Robots, flowers, soccer balls and even a zombie evolved from tiny pieces of tile into colorful mosaics Wednesday as child refugees from Burma gathered to make art.
The mosaics were created at Carrboro Elementary School by more than 30 students of the Karen School — which allows refugees from the Karen province of Burma to meet twice a week after school to learn their native language.
The students, ages kindergarten through eighth grade, learn to read and write in Karen while their parents take ESL or citizenship classes. The program is free to students in the Chapel Hill-Carrboro City Schools system.
“These students are a persecuted ethnic minority from a country that the UN has determined is a war-torn nation,” said Karen Aldridge, the social worker for Frank Porter Graham Elementary School.
The CHCCS system began receiving refugees from Burma several years ago.
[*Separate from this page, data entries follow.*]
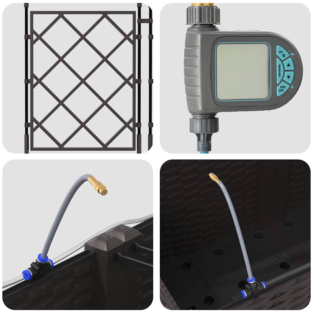 Υλικό Κατασκευής: Η γλάστρα κήπου είναι κατασκευασμένη από ατσάλι ανθεκτικό στις UV, εξασφαλίζοντας αντοχή και αντίσταση σε καιρικές μεταβολές. Αυτή η επιλογή υλικού προσφέρει στιβαρή προστασία, αντέχοντας στην σκληρή έκθεση στον ήλιο και τις εποχιακές αλλαγές, διατηρώντας τα φυτά σας να ανθούν καθόλη τη διάρκεια του χρόνου χωρίς να διακυβεύεται η δομική ακεραιότητα της γλάστρας.,Ενσωματωμένο Σύστημα Άρδευσης: Εξοπλισμένη με ένα προηγμένο σύστημα άρδευσης, αυτή η γλάστρα κήπου απομακρύνει την αβεβαιότητα του ποτίσματος. Χρησιμοποιώντας ενσωματωμένα κανάλια, διανέμει αποτελεσματικά το νερό απευθείας στις ρίζες των φυτών, διασφαλίζοντας ότι λαμβάνουν επαρκή υγρασία ενώ μειώνει την σπατάλη νερού και υποστηρίζει υγιέστερη ανάπτυξη.,Μοντέρνος Σχεδιασμός: Προβάλλοντας ένα κομψό υφαντό σχέδιο, η απλή κομψότητα αυτής της γλάστρας ευθυγραμμίζεται με την σύγχρονη αισθητική. Η μη ανακλαστική ματ φινίρισμα προσθέτει μια εκλεπτυσμένη πινελιά, επιτρέποντάς της να ενσωματωθεί ομαλά σε διάφορες εξωτερικές ρυθμίσεις, ενώ ενσωματώνει τον σύγχρονο στυλ με τις καθαρές, διακριτικές γραμμές της.,Πολυμορφική Χρήση: Ιδανική για τοποθέτηση σε εξωτερικό χώρο, αυτή η γλάστρα εξυπηρετεί τόσο διακοσμητικούς όσο και πρακτικούς σκοπούς. Ο ευρύχωρος εσωτερικός της χώρος φιλοξενεί διάφορα φυτικά είδη, από πλούσιες φτέρες μέχρι ζωντανά λουλούδια, κάνοντάς την κατάλληλη για εποχιακές μεταβάσεις ή για χρήση καθ' όλη τη διάρκεια του έτους, προσφέροντας μια κορυφαία φυτευτική εμπειρία για χόμπι και έμπειρους κηπουρούς.,Φροντίδα & Συντήρηση: Για να διατηρηθεί η άψογη εμφάνισή της, τοποθετήστε αυτή τη γλάστρα σε μια σταθερή τοποθεσία και αποφύγετε την έκθεση σε άμεσο ηλιακό φως για παρατεταμένες περιόδους. Καθαρίζετε τακτικά με ένα στεγνό πανί, διασφαλίζοντας ασφαλείς συνδέσεις κατά τη διάρκεια της συναρμολόγησης για την εγγύηση σταθερότητας και αισθητικής αξίας over time.- Χρώμα: Καφέ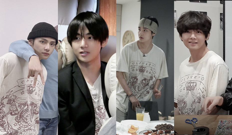 Мы снова возвращаемся к Вам с обзором выходов Тэхёна с ещё одной его любимой футболкой, как мы можем предположить. Ранее наш канал уже делал обзор с легендарной футболкой от французского бренда CELINE, в которой Тэхён появлялся около 10 раз. Если Вам интересно, в самом конце мы прикрепим ссылку на статью. На этот раз дела обстоят с белой футболкой от итальянского бренда GUCCI. Её стоимость составляет примерно 30 тыс. рублей Точно мы не можем знать, но возможно, что первое появление Тэхёна в этой футболке было 16 сентября 2019 года в аэропорту, когда BTS направлялись на съёмки 4 сезона "Бон Вояж" ("BTS BON VOYAGE"). Вот и видео с того дня: Также были выставлены фото в Facebook со съёмок шоу. Тэхён появляется в этой футболке в 1,6 и 8 сериях. Нужно отметить, что фото стали появляться в социальной сети только с 18 ноября 2019 года. Далее 23 сентября 2019 года Тэхён выкладывает фото в Твиттер, где он также одет в эту футболку. Последнее фото это подтверждает. Фото также сделаны во время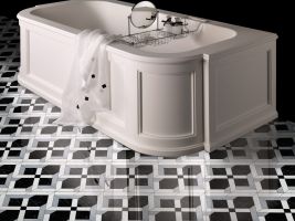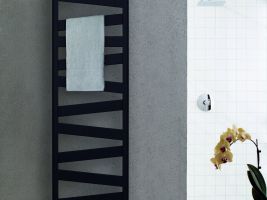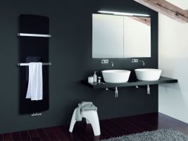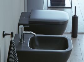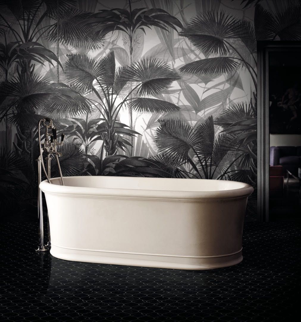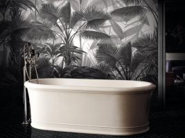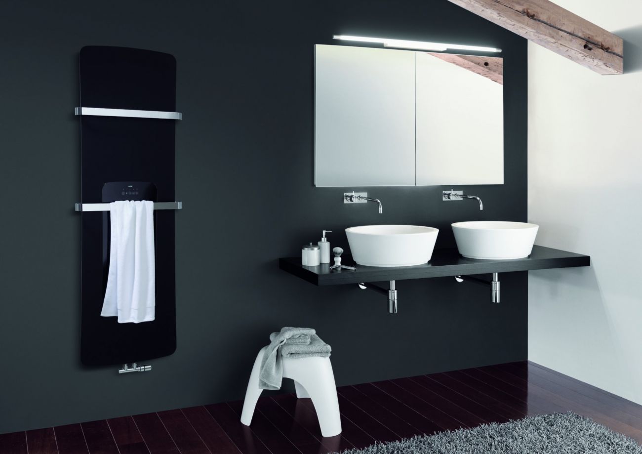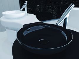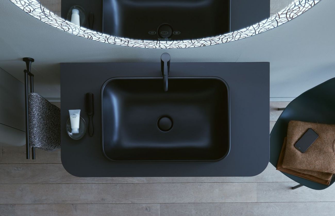 Černá barva působí podobně. Umí zvýraznit jiné barvy a vzory. Černá dokáže podtrhnout tlumené barvy, které by samy o sobě mohly působit fádně. Do koupelny pořídit kromě černého kusu nábytku také černou sanitární keramiku včetně van. Černou sanitární keramiku doplňte bílými prvky nebo naopak. Tato kombinace vzbudí dojem luxusu a elegance.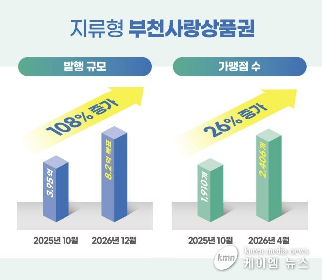 (케이엠뉴스) 부천시가 지역경제 선순환을 위해 도입한 지류형 지역화폐 ‘부천사랑상품권’이 시행 반년 만에 발행 규모와 사용처가 모두 꾸준히 늘며 지역 상권에 활기를 더하고 있다.
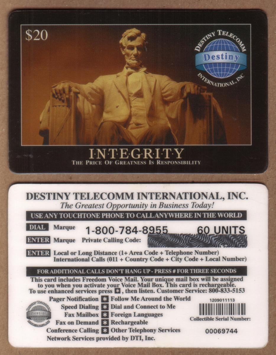 The card includes the word "Integrity" alongside the title "Lincoln Memorial Monument," reinforcing the theme of moral excellence associated with Abraham Lincoln’s legacy. The Destiny Telecomm logo appears on the card, indicating the telecommunications company involved with the issuance or sponsorship of this collectible item. The card’s face value is $20.

More than 75 students were integrated into the school system three years ago, but numbers have since slowed, Aldridge said.
“Families have started to spread out to other areas as their fortunes improved,” she said.
Aldridge said many of the students who participate in the program were born in Thai refugee camps.
Karen refugees often have to apply for admittance into other countries to leave the camps. Sometimes, families are separated in the process.
“When their number comes up, they say, ‘This country is available, can you go?’” said Kerry Sherrill, the social worker at Carrboro Elementary School.